## Source records

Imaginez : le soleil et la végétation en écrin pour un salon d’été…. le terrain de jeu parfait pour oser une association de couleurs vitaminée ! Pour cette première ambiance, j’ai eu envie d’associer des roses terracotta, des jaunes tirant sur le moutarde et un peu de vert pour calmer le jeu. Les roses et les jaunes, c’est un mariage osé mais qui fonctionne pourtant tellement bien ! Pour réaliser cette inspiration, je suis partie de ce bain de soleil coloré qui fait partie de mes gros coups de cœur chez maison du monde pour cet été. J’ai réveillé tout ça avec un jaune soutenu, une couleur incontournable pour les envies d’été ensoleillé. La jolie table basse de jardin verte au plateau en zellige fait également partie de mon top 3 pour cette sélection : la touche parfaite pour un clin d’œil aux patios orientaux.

* * *

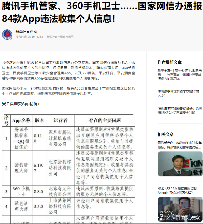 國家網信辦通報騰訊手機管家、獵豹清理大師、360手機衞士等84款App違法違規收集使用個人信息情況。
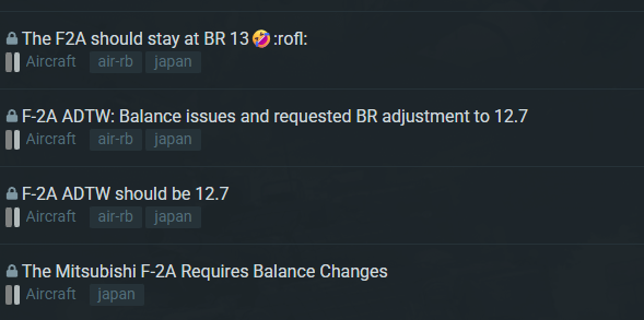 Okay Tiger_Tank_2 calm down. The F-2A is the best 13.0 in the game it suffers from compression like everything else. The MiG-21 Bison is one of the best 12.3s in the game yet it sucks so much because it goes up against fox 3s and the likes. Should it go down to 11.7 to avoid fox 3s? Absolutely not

--

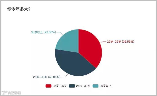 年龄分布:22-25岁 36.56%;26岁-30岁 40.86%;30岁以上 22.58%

## About this exercise
Precisely those lines above that run from the line with "國家網信辦通報騰訊手機管家、" up to and including the line with "Okay Tiger_Tank_2 calm" are to be set down, with the pictures omitted.

## Task solution
 國家網信辦通報騰訊手機管家、獵豹清理大師、360手機衞士等84款App違法違規收集使用個人信息情況。
 Okay Tiger_Tank_2 calm down. The F-2A is the best 13.0 in the game it suffers from compression like everything else. The MiG-21 Bison is one of the best 12.3s in the game yet it sucks so much because it goes up against fox 3s and the likes. Should it go down to 11.7 to avoid fox 3s? Absolutely not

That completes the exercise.